Эраст Петрович застал Всеволода Витальевича дома, в левом флигеле консульства. Доронин уже вернулся с открытия благонравного заведения и последовавшего за ним ужина и теперь переодевался к Холостяцкому балу. Шитый золотом мундир висел на стуле, пухлая горничная-японка помогала консулу облачиться в смокинг.

Квартира начальника Фандорину очень понравилась: обставленная лёгкой ратановой мебелью, она весьма удачно сочетала русскость с японской экзотикой. К примеру, в углу на столике сиял замечательно бокастый самовар, сквозь стеклянные дверцы шкафа просматривались разноцветные графины с настойками да наливками, но картины и свитки на стенах были сплошь туземные, на почётном месте красовалась подставка с двумя самурайскими мечами, а через открытую дверь виднелась совершенно японская комната, то есть безо всякой мебели и с соломенным полом.

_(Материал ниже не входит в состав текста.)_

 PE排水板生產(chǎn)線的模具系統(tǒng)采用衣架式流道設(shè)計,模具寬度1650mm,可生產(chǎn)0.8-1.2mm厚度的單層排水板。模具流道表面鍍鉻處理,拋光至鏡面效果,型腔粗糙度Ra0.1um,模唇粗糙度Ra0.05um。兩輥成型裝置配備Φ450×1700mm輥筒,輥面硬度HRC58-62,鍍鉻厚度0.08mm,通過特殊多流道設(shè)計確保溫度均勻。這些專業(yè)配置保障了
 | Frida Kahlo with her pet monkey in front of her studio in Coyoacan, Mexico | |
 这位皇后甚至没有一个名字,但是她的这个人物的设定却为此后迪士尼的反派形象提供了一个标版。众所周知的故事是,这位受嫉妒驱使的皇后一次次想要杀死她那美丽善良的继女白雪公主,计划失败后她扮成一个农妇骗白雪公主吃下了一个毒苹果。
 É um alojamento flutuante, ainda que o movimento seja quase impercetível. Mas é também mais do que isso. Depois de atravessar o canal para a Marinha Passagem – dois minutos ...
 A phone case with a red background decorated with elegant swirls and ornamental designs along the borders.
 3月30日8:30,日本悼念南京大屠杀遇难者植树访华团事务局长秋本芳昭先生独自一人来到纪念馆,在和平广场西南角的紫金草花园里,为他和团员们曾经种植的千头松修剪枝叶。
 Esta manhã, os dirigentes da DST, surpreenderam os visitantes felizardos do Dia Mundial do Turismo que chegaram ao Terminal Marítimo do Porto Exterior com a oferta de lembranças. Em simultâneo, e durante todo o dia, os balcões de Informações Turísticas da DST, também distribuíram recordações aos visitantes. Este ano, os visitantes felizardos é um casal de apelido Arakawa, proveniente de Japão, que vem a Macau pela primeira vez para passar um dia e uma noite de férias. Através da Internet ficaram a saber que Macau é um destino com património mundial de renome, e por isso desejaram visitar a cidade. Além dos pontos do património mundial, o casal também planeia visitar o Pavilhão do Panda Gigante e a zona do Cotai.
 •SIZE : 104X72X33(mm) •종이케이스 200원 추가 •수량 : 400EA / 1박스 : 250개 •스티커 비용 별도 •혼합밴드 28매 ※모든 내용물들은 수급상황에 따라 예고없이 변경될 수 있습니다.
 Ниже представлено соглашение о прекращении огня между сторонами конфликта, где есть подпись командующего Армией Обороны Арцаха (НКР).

Туманные обстоятельства смерти Благолепова заинтересовали Всеволода Витальевича гораздо меньше, чем трое его ночных пассажиров. Фандорину такая реакция даже поначалу показалась чрезмерной, но Доронин объяснил причину своей тревоги.

– Что у министра много ненавистников, особенно среди южного самурайства, не секрет. В Японии политические покушения происходят почти столь же часто, как в России. Правда, у нас сановников убивают революционеры, а здесь реакционеры, но, как говорится, хрен редьки не слаще – обществу и государству равный вред что от левых зилотов, что от правых. Окубо – ключевая фигура в японской политике. Если фанатики до него доберутся, переменится весь курс, всё направление развития империи, и притом в крайне опасном для России смысле. Видите ли, Фандорин, министр Окубо – сторонник эволюции, постепенного развития внутренних сил страны под жёстким контролем правительства. Это дрессировщик, который щёлкает кнутом и не позволяет тигру вырваться из клетки. Тигр – это наследственная, глубоко укоренённая воинственность здешнего дворянства, а клетка – Японский архипелаг. Из-за чего развалился пресловутый триумвират трех туземных корсиканцев? Из-за вопроса о войне. Могущественная партия, которую возглавлял любимый герой нашего Сироты маршал Сайго, хотела немедленно завоевать Корею. Окубо тогда одержал верх над своими оппонентами, потому что он умнее и хитрее. Но если его убьют, неминуемо возобладают сторонники быстрого развития за счёт экспансии, поэты великой азиатской империи Ямато. Хотя на свете, ей-богу, и так уже слишком много империй – того и гляди все они пересобачатся между собой и вопьются друг другу в волосья стальными когтями…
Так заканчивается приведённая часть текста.